Saved entries
========
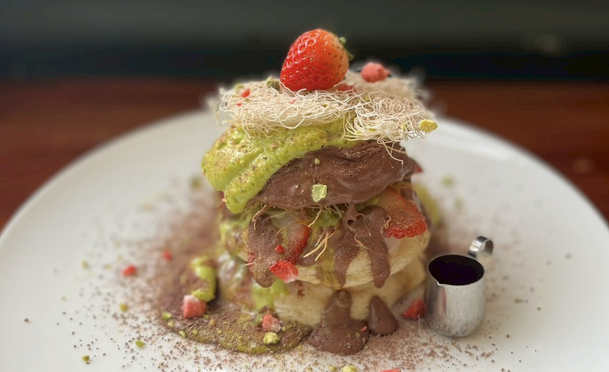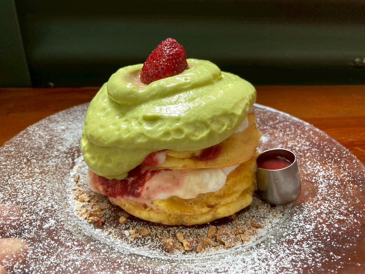 ふわふわグルテンフリーな米粉パンケーキに濃厚なピスタチオエスプーマにダークチョコレートソース、フレッシュな苺、サクサクなカダイフ、濃厚カスタード、ローストピスタチオ、フリーズドライフランボワーズ、別添えにフレッシュ苺ソースで様々な味わいと食感をお楽しみ下さい (お飲み物もセットです)
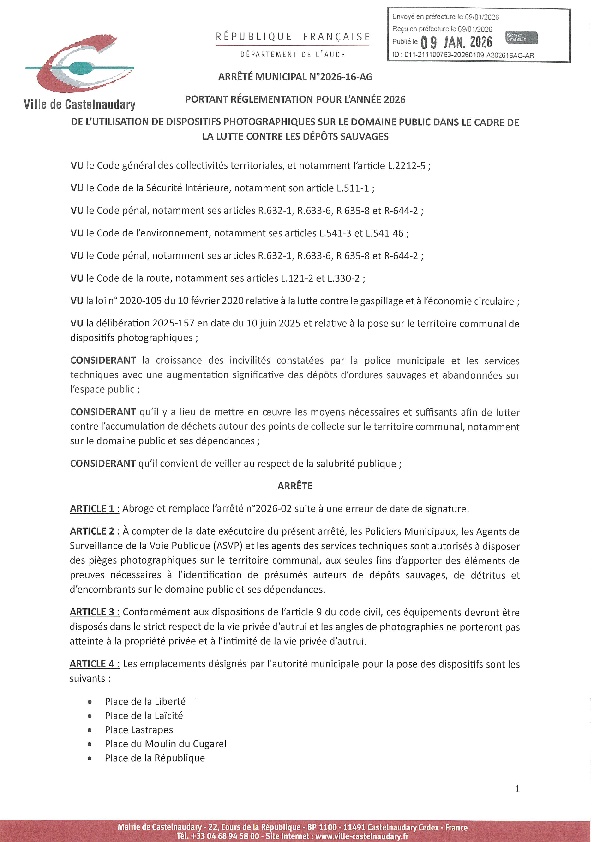 Recueil du 16 janvier 2026
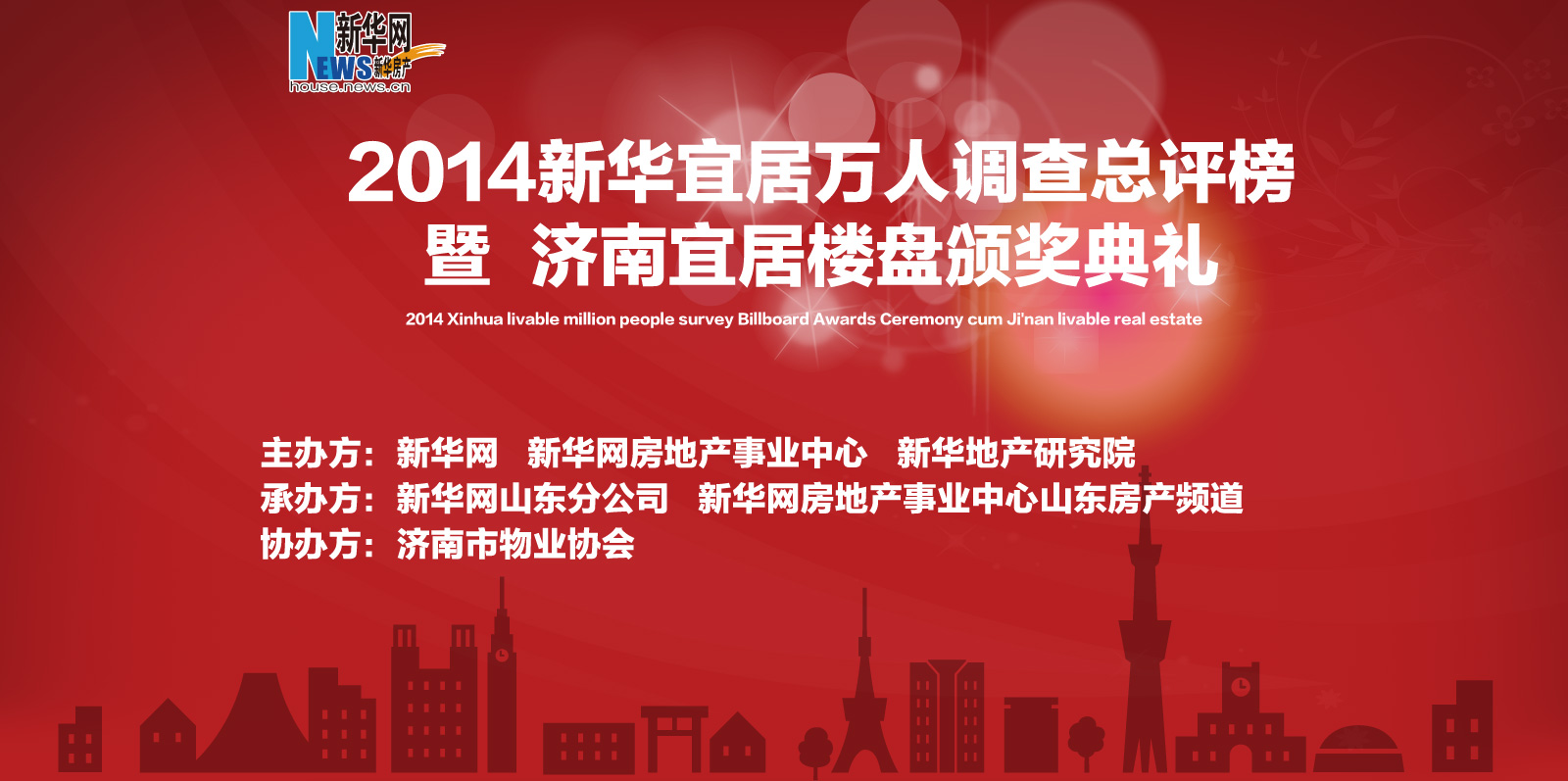 典禮現場,魯能領秀城、萬達華府獲頒2014濟南宜居樓盤最佳工程質量獎;中海天悅府、天鴻萬象新天、恒大帝景摘得2014濟南宜居樓盤最具人氣獎;金科城、華潤中央公園、世茂天城收獲2014濟南宜居樓盤最佳設計獎;綠地新都會、海爾云世界、萬科公園里獲得2014濟南宜居樓盤最具創新力獎;龍湖·名景臺則斬獲了最具分量的2014最佳宜居大獎(濟南)。
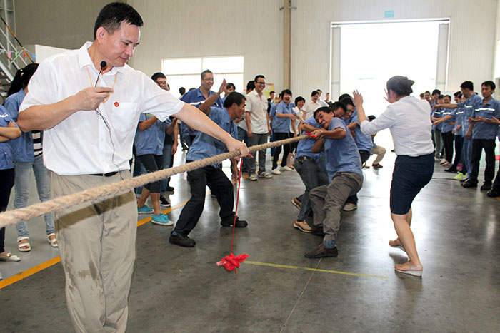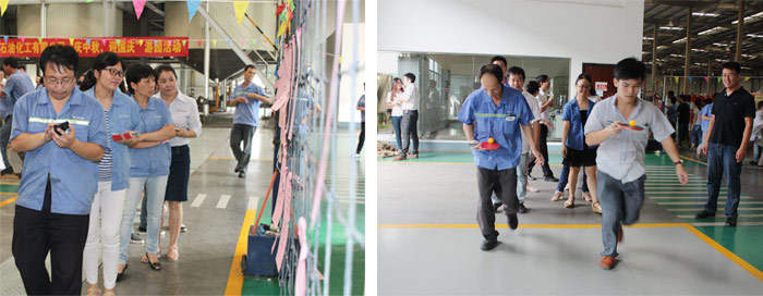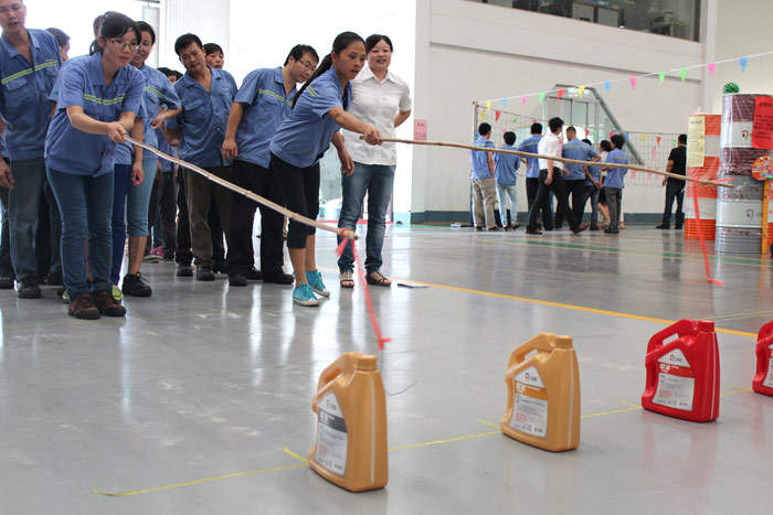? ? ? ? 9月25日下午15:00整,隨著一聲響亮的哨聲,游園活動在調(diào)油車間正式開始。點球大戰(zhàn)、投籃高手、大步流星、眼疾手快、猜謎、繞口令這些趣味十足的游戲讓員工們玩的不亦樂乎。彰顯團隊凝聚力的拔河比賽最為精彩,隊員們都咬緊牙關(guān),使出全身力氣,都想在緊張激烈的力量拉鋸戰(zhàn)中勝出,觀眾的加油吶喊聲連綿不斷,現(xiàn)場氣氛熱烈至極,獲勝的隊伍歡呼雀躍,擊掌慶祝。
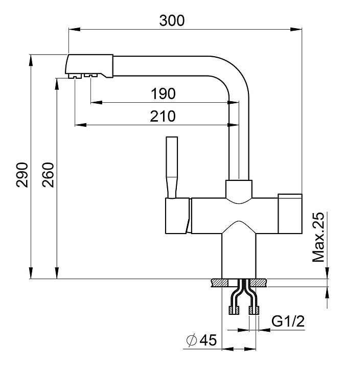 Смеситель Point PN3104AL предназначен для подачи горячей и холодной воды в кухонных помещениях. Модель оснащена подключением к фильтру для питьевой воды и керамическим картриджем, обеспечивающим плавный ход рычага смесителя, контроль и точность при выборе напора и температуры воды. Изделие выполнено из латуни, которая отличается прочностью, долговечностью и устойчивостью к перепадам температуры. В комплект поставки входят гибкая подводка, переходник для подключения фильтра с питьевой водой и крепления. Особенности:
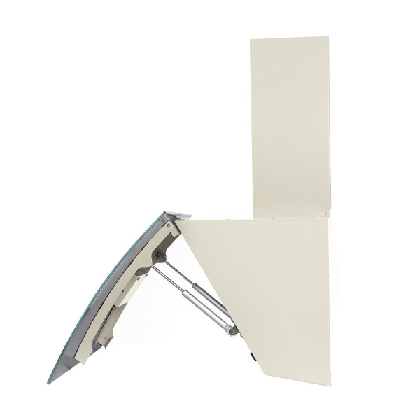 Современная вытяжка наклонного типа с богатым функционалом и интересным, дизайнерским решением, скрывающим жироулавливающий фильтр за изогнутым глянцевым стеклом. Вытяжка выполнена из высококачественной стали и отделана прочным закаленным стеклом, позволяющим комфортно очищать его поверхность.
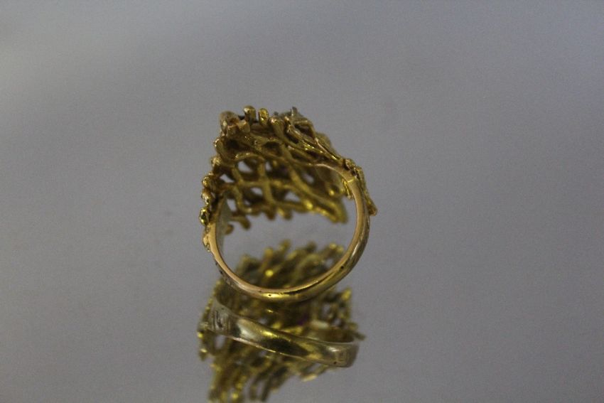 AN UNUSUAL NATURALISTIC DESIGNER STYLE RING, stamped 18ct and set with three rubies and a diamond, approx weight 10.9g, ring size O
========
• [Task prompt]
Write out exactly, and only, the lines from the line holding "Смеситель Point PN3104AL" through the end of the data, inclusive, without any pictures.

• [Task response]
 Смеситель Point PN3104AL предназначен для подачи горячей и холодной воды в кухонных помещениях. Модель оснащена подключением к фильтру для питьевой воды и керамическим картриджем, обеспечивающим плавный ход рычага смесителя, контроль и точность при выборе напора и температуры воды. Изделие выполнено из латуни, которая отличается прочностью, долговечностью и устойчивостью к перепадам температуры. В комплект поставки входят гибкая подводка, переходник для подключения фильтра с питьевой водой и крепления. Особенности:
 Современная вытяжка наклонного типа с богатым функционалом и интересным, дизайнерским решением, скрывающим жироулавливающий фильтр за изогнутым глянцевым стеклом. Вытяжка выполнена из высококачественной стали и отделана прочным закаленным стеклом, позволяющим комфортно очищать его поверхность.
 AN UNUSUAL NATURALISTIC DESIGNER STYLE RING, stamped 18ct and set with three rubies and a diamond, approx weight 10.9g, ring size O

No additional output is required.